Respondiendo Jesús, le dijo: Simón, tengo algo que decirte. Y él dice: Maestro, continúa.

El anfitrión había observado todo el proceso con disgusto mal disimulado. La sola idea de que Jesús fuera tocado por un personaje tan notorio lo hizo estremecerse. Y por lo tanto, pasó el 'veredicto en su corazón de que Jesús no podía ser un profeta'. Las lágrimas de la mujer le resultaban desagradables y el olor del ungüento le llenaba de repugnancia.
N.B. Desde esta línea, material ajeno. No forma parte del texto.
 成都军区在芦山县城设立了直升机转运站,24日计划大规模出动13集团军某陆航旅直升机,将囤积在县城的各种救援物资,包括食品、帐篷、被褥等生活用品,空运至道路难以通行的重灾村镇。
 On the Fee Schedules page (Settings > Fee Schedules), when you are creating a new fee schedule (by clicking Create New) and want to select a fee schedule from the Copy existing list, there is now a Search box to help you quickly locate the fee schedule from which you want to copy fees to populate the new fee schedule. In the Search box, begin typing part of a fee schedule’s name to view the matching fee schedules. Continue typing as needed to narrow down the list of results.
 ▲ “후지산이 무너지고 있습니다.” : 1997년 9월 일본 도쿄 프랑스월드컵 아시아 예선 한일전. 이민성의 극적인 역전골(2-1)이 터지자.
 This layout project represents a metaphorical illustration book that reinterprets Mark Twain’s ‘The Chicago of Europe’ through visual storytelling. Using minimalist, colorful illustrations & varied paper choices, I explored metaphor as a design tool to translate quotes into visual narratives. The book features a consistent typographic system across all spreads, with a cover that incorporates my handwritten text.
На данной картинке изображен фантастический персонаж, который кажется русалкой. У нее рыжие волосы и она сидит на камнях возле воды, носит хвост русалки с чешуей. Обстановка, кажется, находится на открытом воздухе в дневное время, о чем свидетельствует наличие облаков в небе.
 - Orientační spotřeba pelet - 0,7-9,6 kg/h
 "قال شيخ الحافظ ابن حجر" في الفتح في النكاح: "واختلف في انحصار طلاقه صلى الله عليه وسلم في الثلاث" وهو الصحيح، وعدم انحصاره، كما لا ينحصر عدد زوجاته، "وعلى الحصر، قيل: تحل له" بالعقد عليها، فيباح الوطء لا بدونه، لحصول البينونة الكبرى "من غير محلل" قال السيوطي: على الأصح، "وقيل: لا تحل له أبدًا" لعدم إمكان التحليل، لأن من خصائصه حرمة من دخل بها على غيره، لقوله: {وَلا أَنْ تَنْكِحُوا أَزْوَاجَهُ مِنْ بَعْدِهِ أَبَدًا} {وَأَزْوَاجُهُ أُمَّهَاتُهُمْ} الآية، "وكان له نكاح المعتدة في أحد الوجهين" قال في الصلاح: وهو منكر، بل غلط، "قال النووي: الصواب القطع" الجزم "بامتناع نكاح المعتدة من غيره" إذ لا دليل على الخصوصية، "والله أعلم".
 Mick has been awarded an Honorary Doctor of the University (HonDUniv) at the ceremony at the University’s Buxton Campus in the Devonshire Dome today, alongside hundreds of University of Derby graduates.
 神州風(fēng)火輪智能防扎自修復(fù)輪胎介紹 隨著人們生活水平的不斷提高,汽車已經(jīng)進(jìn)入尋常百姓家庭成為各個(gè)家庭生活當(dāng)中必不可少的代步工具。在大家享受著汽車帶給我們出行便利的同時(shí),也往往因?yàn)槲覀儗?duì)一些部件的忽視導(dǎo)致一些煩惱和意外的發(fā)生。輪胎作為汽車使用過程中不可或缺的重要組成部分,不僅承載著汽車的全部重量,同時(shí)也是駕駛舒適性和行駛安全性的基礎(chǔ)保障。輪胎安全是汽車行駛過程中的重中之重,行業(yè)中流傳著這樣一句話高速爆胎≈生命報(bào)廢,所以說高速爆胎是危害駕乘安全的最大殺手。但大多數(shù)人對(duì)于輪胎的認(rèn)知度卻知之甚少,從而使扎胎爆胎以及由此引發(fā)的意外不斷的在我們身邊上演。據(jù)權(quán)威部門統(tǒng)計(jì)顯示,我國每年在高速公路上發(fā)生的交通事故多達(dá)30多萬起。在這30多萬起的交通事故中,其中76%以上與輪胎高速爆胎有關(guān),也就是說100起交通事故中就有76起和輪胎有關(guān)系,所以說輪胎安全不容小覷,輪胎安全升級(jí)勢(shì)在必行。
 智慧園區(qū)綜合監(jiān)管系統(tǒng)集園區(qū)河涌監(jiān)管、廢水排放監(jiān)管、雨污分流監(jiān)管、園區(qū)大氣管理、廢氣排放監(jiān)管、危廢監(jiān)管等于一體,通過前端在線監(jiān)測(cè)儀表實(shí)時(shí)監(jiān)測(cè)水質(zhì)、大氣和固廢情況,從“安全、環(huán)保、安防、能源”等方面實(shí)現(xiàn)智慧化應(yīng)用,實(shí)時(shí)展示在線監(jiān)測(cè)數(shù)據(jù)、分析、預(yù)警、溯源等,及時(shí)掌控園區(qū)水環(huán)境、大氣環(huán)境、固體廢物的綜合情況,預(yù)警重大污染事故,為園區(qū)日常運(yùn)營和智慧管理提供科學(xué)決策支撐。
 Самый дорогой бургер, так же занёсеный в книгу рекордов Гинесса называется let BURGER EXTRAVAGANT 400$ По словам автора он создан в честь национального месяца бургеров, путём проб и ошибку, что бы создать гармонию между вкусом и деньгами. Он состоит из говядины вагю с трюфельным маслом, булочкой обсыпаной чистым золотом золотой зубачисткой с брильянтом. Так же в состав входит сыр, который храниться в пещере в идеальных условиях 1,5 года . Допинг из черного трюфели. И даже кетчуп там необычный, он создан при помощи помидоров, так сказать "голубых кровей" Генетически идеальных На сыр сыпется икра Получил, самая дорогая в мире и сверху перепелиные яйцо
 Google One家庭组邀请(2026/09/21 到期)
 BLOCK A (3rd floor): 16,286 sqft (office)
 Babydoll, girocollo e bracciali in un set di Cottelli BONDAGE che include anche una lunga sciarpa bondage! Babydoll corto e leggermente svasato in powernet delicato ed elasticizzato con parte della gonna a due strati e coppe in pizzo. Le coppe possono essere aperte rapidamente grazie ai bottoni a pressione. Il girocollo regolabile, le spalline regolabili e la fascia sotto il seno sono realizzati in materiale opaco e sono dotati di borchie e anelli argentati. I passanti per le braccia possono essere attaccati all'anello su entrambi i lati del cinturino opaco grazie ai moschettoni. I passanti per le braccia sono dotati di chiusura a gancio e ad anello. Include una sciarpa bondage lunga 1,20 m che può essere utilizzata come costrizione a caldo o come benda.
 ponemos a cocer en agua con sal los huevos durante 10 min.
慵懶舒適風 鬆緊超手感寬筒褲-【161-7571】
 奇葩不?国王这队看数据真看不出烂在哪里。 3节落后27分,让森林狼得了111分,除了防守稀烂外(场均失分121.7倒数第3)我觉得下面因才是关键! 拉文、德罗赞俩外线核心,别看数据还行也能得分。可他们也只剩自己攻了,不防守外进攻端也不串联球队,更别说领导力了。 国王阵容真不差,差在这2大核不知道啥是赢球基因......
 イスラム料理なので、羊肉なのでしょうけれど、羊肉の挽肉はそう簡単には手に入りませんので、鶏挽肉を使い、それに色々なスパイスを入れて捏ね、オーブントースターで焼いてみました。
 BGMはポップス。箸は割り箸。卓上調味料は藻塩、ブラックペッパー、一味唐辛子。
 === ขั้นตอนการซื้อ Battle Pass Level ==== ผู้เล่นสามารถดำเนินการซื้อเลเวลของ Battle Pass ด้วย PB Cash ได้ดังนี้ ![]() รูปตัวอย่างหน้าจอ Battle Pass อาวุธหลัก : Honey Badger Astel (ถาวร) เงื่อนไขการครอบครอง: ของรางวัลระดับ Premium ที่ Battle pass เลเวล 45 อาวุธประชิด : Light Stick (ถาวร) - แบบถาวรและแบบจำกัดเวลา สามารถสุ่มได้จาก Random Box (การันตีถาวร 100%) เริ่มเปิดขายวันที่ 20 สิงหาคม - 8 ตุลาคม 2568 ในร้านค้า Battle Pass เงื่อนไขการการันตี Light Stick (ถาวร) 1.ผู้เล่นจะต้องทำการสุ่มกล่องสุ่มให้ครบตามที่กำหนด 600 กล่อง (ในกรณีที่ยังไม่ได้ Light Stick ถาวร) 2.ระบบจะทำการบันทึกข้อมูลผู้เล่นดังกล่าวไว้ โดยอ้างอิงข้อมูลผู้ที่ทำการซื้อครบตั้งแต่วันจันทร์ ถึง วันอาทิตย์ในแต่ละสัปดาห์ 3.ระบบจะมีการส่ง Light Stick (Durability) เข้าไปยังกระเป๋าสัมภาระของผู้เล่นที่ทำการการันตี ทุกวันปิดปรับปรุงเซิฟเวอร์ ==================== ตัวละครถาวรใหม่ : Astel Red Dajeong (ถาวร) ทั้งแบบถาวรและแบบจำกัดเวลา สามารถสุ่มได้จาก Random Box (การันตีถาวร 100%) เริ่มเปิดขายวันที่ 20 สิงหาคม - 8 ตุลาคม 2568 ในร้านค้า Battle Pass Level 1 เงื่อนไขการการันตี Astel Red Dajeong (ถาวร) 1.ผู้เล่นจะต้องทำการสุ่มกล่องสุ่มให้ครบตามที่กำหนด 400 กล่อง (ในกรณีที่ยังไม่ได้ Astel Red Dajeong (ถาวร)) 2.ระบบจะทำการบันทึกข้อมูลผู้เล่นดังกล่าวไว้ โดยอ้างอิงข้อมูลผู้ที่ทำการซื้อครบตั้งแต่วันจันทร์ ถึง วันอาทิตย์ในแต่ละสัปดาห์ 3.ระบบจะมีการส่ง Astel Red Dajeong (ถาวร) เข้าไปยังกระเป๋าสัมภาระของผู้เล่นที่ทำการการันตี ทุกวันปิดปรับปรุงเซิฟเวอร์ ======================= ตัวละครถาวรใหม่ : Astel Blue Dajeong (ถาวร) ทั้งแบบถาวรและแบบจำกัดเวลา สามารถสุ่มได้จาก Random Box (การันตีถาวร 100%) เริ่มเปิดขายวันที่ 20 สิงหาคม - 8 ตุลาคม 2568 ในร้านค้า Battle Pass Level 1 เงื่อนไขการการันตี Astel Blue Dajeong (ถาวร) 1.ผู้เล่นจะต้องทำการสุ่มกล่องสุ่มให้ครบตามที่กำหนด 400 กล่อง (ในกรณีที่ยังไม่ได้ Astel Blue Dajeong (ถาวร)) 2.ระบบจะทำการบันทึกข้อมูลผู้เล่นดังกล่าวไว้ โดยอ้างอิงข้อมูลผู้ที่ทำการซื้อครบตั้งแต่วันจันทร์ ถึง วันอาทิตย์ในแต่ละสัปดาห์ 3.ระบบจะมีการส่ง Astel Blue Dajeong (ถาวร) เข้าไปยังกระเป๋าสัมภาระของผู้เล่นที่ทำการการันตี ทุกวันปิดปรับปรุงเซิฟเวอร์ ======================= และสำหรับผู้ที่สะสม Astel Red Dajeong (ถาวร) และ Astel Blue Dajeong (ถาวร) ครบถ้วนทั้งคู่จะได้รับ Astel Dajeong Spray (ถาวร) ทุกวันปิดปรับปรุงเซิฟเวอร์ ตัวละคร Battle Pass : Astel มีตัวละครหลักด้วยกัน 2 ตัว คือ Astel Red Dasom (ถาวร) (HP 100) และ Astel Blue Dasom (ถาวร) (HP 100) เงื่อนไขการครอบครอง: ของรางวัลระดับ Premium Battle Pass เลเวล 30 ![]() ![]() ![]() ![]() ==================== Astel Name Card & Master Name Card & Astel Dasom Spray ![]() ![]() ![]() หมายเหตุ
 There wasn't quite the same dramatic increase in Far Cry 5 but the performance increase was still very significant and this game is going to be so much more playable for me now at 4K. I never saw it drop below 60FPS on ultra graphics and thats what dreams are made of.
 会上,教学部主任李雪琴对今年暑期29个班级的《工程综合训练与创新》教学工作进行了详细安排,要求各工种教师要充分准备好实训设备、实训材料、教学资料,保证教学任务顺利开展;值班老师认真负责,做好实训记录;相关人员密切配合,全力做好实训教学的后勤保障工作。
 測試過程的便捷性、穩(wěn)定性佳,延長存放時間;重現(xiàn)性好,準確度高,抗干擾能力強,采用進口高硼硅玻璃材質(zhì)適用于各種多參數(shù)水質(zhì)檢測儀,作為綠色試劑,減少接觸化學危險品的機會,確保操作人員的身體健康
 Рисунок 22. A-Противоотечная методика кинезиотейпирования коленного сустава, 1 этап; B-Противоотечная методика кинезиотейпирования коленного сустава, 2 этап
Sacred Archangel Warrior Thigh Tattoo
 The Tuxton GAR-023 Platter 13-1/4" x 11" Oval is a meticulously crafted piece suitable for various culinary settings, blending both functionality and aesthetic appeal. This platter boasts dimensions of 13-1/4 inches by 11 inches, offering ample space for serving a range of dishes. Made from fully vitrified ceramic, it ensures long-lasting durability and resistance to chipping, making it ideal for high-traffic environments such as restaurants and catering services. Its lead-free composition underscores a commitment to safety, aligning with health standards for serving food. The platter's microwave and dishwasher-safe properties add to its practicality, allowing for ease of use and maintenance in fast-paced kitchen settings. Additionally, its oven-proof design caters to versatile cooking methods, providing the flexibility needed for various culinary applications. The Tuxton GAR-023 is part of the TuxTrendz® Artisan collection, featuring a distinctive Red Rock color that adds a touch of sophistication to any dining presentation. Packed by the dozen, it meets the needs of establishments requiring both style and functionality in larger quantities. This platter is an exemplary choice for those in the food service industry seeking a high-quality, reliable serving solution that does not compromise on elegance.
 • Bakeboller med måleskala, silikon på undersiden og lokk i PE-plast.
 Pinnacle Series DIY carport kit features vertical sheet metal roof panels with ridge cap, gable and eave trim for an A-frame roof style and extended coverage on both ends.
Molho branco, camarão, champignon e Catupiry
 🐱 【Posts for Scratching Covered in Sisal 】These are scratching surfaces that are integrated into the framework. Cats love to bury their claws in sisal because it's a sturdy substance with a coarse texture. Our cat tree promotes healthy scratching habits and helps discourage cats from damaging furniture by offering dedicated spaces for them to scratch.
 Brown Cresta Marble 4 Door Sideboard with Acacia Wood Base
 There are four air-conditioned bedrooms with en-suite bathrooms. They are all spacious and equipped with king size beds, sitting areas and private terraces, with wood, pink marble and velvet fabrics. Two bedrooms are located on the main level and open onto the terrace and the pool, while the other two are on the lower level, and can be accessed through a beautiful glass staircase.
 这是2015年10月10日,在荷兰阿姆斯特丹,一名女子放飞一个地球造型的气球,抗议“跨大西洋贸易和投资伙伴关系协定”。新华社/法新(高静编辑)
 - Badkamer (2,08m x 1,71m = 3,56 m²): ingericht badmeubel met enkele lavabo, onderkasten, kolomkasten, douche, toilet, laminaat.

Nota: El mismo espíritu de repulsión moralista se encuentra en los fariseos modernos.

Sacan a un lado sus faldas de seda o sus abrigos forrados de piel, incluso cuando se les da la seguridad de que un antiguo pecador ha abandonado el camino de la transgresión, sin saber que sus corazones están llenos de una enfermedad mucho peor, mucho más peligrosa, que de orgullo y vanidad. Pero Jesús conocía los pensamientos del fariseo, y pronto le dio evidencia de que era un profeta que conocía el corazón de los hombres.

Decidió darle a este altivo fariseo una lección muy necesaria, pero de una manera amable y gentil, con el objeto de convencerlo y ganarlo. El anfitrión aceptó cortésmente cuando el Señor le preguntó si podía decirle un asunto determinado, presentarle un caso determinado.